Tesla may deserve the honor of making electric vehicles appealing to the general, but when it comes to the first commercial EV, the award goes to a car unimaginatively named the Electrobat. It puttered around on American roads before the 20th century.
In this article, I bring you the story of the Electrobat, the world’s first commercial electric vehicle.
How it all began
Before the Electrobat, many inventors had messed around with electric vehicles. However, they were limited by the batteries since they were not rechargeable, meaning you needed new batteries each time you drove.
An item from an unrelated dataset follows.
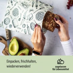 Die antibakteriellen Eigenschaften des Bienenwachses halten deine Lebensmittel länger frisch. Perfekt für Käse, Brot, angeschnittenes Obst und Gemüse.

In the late 19th century, an electrochemical engineer named Pedro Salom collaborated with an inventor named Henry G Morris. They aimed to create the world’s first practical electric automobile. The two men brought experience from working on electric urban streetcars to the table.
Salom and Morris made their first prototype in two months, receiving a patent in August 1894. The lead-acid battery weighed 1,600 pounds, making it necessary to use steel tires. During its initial test run, the pair required permission from City Hall and an escort as the steel tires made noises on the cobbled streets that scared away horses. Horse-pulled carriages were still a popular means of transportation at the time.
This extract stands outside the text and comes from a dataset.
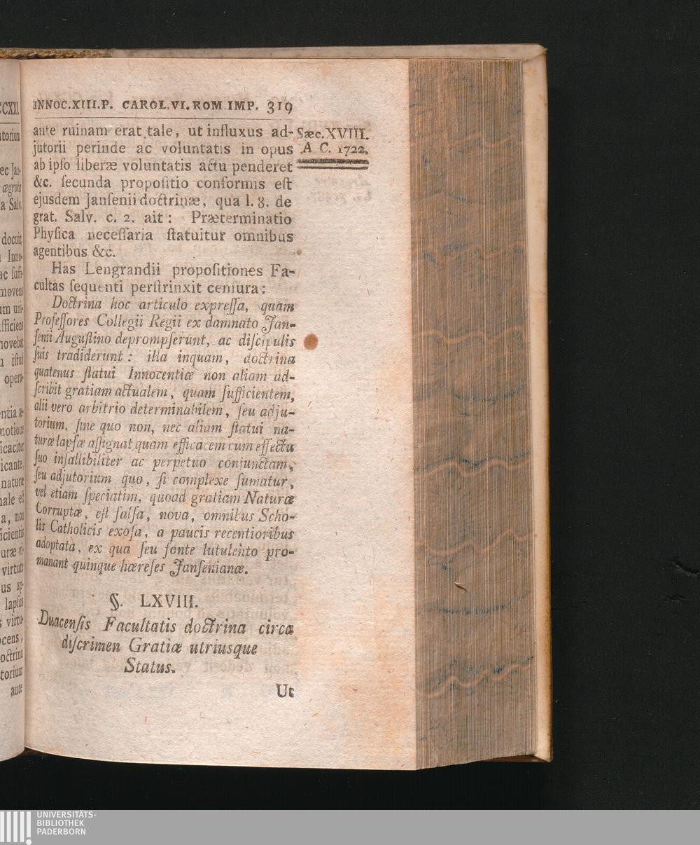 §. 68. Duacensis Facultatis animadversio circa discrimen gratiæ utriusque status[...]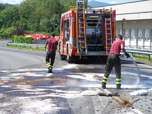 Troppo pericoloso il gasolio sull’asfalto dopo il ribaltamento del camion. Domani il punto della situazione da parte della provincia per decidere il da farsi

Salom and Morris had refined their invention in less than a year, reducing the battery weight significantly to 350 pounds. The fourth prototype was quiet because it used pneumatic tires.
Recognizing the business potential of their invention, the duo started the Morris and Salom Electric Wagon and Carriage Company (E.C.W.C). They presented the vehicle as a modern alternative to the hansom cab. Initially, each vehicle got a unique name until the company ran out of monikers and settled on calling them the Electrobat.
The Electrobat used two motors of 1.5 hp each and reached a max speed of 20 mph. Driving range was “20 miles a day for a week”, according to a news article.
The company produced dozens of units of the Electrobat, and they competed with horse-drawn cabs on the streets of New York. Some models made their way to Philadelphia and Boston.
The Morris and Salom Electric Wagon and Carriage Company was eventually bought by Isaac Rice, who renamed it Electric Vehicle Company. It would subsequently merge with the Columbia Vehicle Company.